Measuring green economies. Over the past 20 years, attempts have been made by governments around the world to measure green growth including experiments with green accounting, i.e. green gross domestic product. Since the launch of the UN’s Green Economy Initiative in October 2008, a vast amount of work has been done to further our understanding of how to measure a green economy. Much more, however, needs to be done. Africa’s greatest comparative advantage in a global economy that must eventually become green if we are to avert catastrophe is in its underdeveloped brown economies or lack of brown development. In this sense, the so-called Least Developed Countries are in the best position to develop something new.  

Creating green institutions. Institution building has always been seen as a prerequisite to African stability. However, African institutions must be designed and developed to meet the needs and challenges of the 21st century. The current institutions, inherited from the colonial powers, reflect the lack of understanding of Africa by foreigners and need to be rapidly restructured and updated. For instance, many countries do not even have a minister for environment whereas traditional (pre-colonial) African institutions, such as Elders, would put the environment central to survival. Without greener institutions the transition to a green and therefore sustainable economy in Africa will be impossible. 

Developing sustainability frameworks. Green growth plans will only work if there is a level playing field for investors. In other words green investors who include social and environmental costs in their accounting will be at a disadvantage to a brown investor who ignores such externalities. A suitable framework for beginning to think about green growth planning, particularly in Africa’s vast and sometimes remote and challenging areas, is the river basin. The river basin is an independent ecological unit where the actions (positive or negative) of one development affect the outcomes of others. The river basin in Africa is where traditional interdependency has been practiced for millennia and sustainability has been most successful.
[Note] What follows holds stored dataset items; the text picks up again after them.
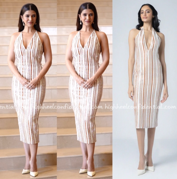 Promotions of her series saw Ms. Kaur in a dress from Sameer Madan paired with white pumps and while this was a better look than the previous one, it wasn’t very striking. It was simple and clean but to me, very boring.
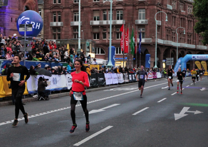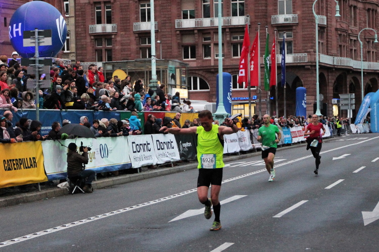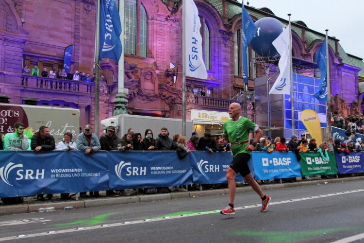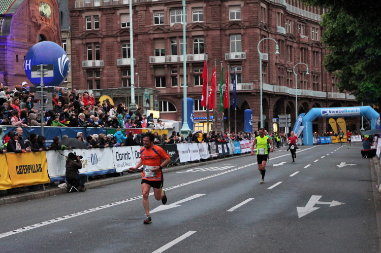 Weiter, die Zeit passt. Dann der Wasserturm, rechts das große Maritim-Hotel, dann die Kunsthalle Mannheim. Dieser Halbbogen zieht sich endlos. Wann sind wir endlich da? Ich sehe den Rosengarten blau angestrahlt. Vorsichtiger Blick nach hinten. Da überholt keiner mehr. Nach 4:17 Stunden erreiche ich das Ziel, drei Minuten später als Judith. Wunderbar. Eine Medaille mit der Abbildung des Wasserturms wird mir umgehängt.
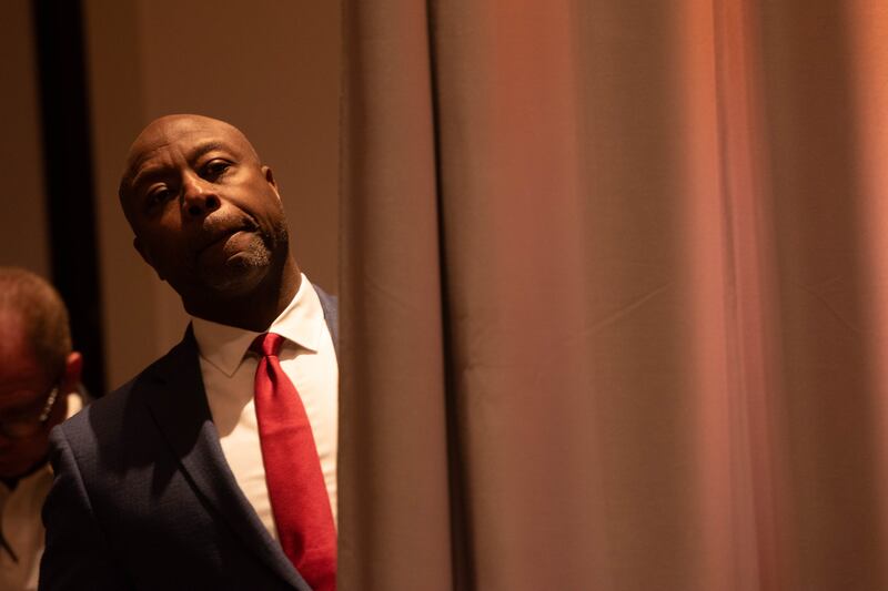 Tripods on tables are replaced with wine glasses as the Marriott’s Grand Ballroom is converted for Sen. Tim Scott’s “Fireside Chat.” Two arm chairs sit upon the stage. The Mamas & the Papas “California Dreamin” plays over the speakers.
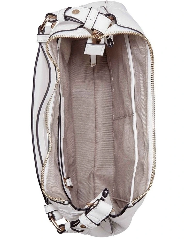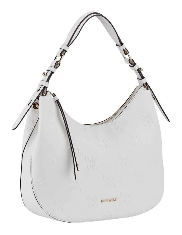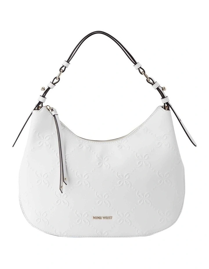 The Irina hobo bag by Nine West is an adorable addition to this season’s collection. Featuring a unique rounded shape, this everyday bag is finished with delicate strappy details. Optic white PU leather adds a bright twist to this luxury inspired cutie.
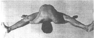 Sit with legs apart. Now lean forward while you go on exhaling and bend down as much as possible. Put the arm under the thighs. Keep the hands firmly on the floor. Stretch the legs. Remain leaning and bending down for the. Maximum time that you can do so. For variation one can bring legs together in front and clutches of hands of the back. Yogis call this posture Sputa Koormasana.
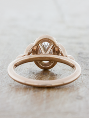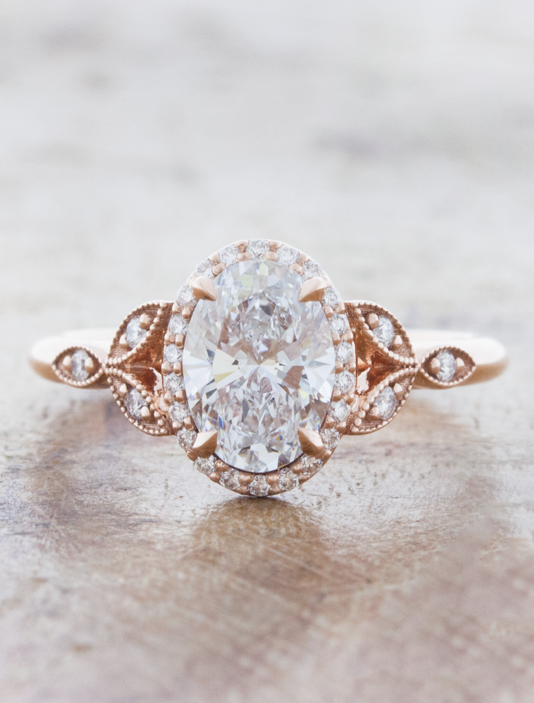 Our Rachael is 14k rose gold elegance and mystic wrapped into one.  She has a IGI certified lab grown 1.10ct E color VVS2 clarity oval cut diamond at her center that we know will make your partner's heart melt.
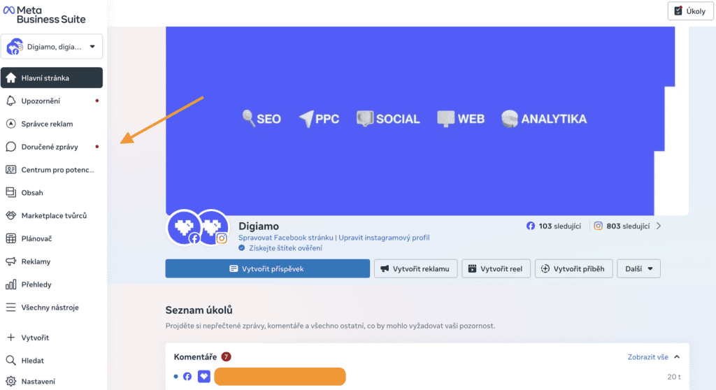 Pokud chceme založit klasický osobní profil, míříme klasicky na hlavní stránku Facebooku. Pokud ale máme v plánu PPC marketing, je potřeba registraci provést přes prostředí Meta Business Suite. Vaším prvním krokem tedy bude navštívit tuto stránku. K založení firemního účtu je potřeba, abyste měli k dispozici váš osobní účet na Facebooku (nikdo jiný než vy neuvidí, že spravujete tento firemní profil). V menu po založení můžete vidět všechny funkce, které Business Suite nabízí od doručených zpráv po plánování obsahu.
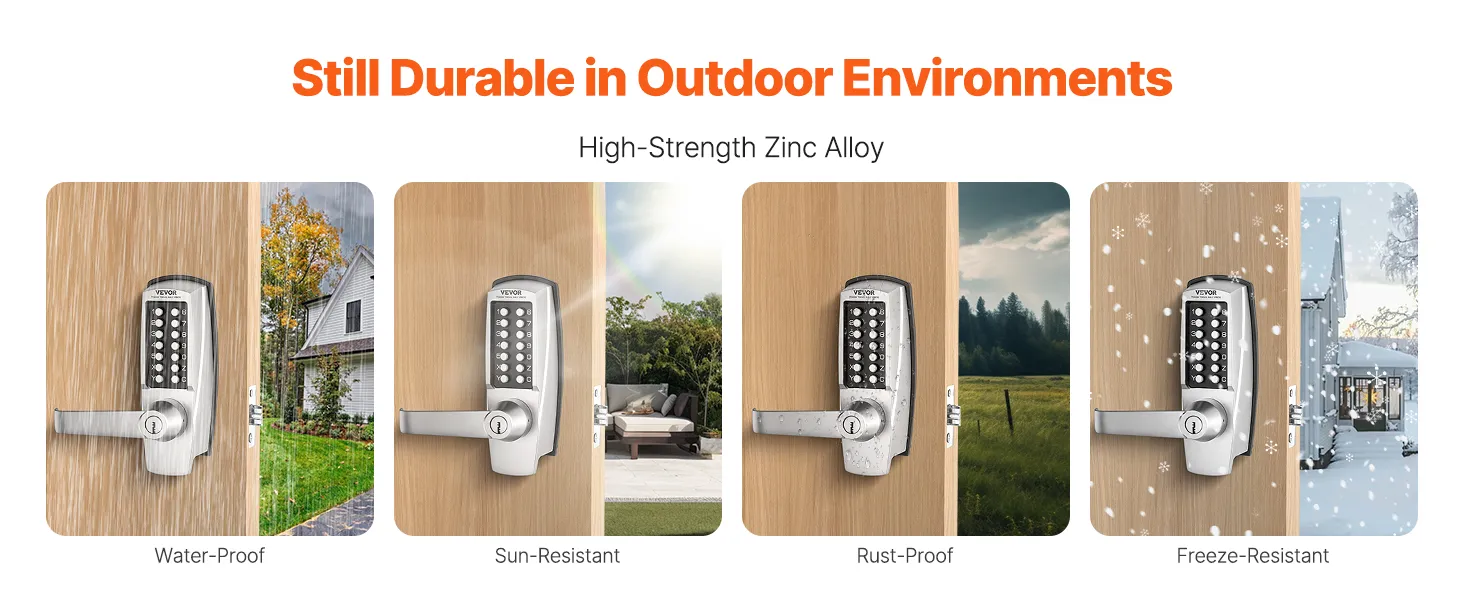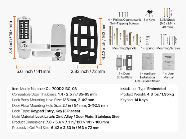 Universele compatibiliteit voor verschillende deuren: Dit mechanische sleutelloze deurslot wordt geleverd met verschillende schroeven en vierkante assen, waardoor het geschikt is voor deuren met een dikte van 35-65 mm (1,4 tot 2,5 inch). Het is compatibel met een breed scala aan deuren, waaronder poorten, tuindeuren, garages, opslagruimtes, smeedijzeren, aluminium en hekdeuren
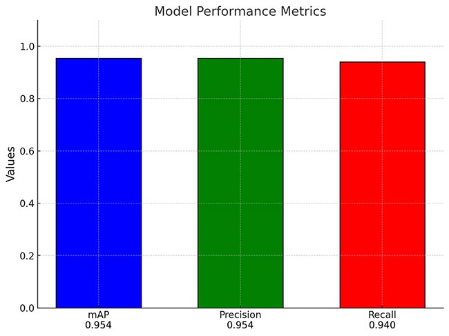 模型的性能指标 mAP 、Precision 和 Recall ,分别用蓝色、绿色和红色表示。所有指标都达到了较高水平,显示出模型的综合性能非常优秀。
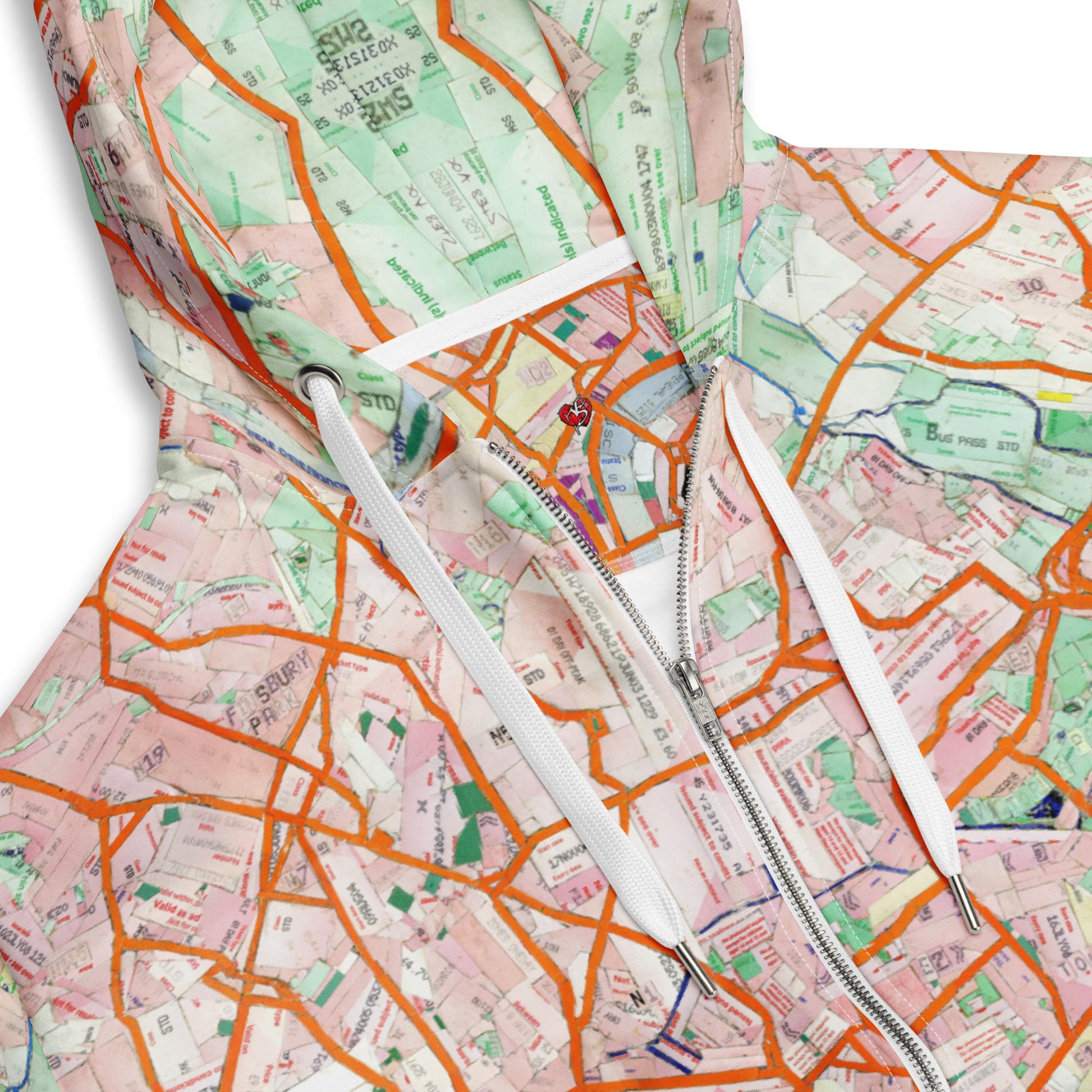 Featuring an all-over Travelcard map print of pre-2012 London, this zip-up map hoodie blends comfort with cartographic charm.

Integrated River basin Management (Meles Zenawi's broad spectrum approach) has been well developed over the past 20 years and is one of the best tools available to Africans for making green growth plans.

A glance at articles on the Economist website (six free articles a week allowed) shows that the global economy is entering another unknown unknown - a cooling down of the emerging economies after 15 years of unprecedented expansion which has driven global growth: ‘Welcome to the post-BRICS world’ (06/05); ‘When giants slow down’ (07/07); ‘The BRICS: Life after the boom’ (video 25/07); ‘Emerging economies - the Great Deceleration’ (27/07); ‘Catching up is hard to do’ (31/07). In the recent on-line debate by the paper (20/08 – 31/08): ‘The BRIC economies – is the fastest period of emerging market growth behind us?’ 59 per cent of voters thought YES it is over and 41 per cent thought NO.

Although there is a general belief that the emerging economies are slowing there is no fear yet of them crashing like they did in the Asian financial crisis of 1997. These countries are much better prepared. But is Africa prepared for a such a slow down? Although there was a temporary respite for the emerging economies in September due to the US Federal Reserve keeping the printing presses running, what happens when the tapering of QE3 finally begins and Africa's new partners take another, bigger hit? What happens if China, on whom Africa depends so much, has the much-feared 'hard landing'?

Perhaps the most important question we should all be asking is whether Africa, through a series of coordinated and integrated green growth plans, can become a green growth engine the global economy urgently needs?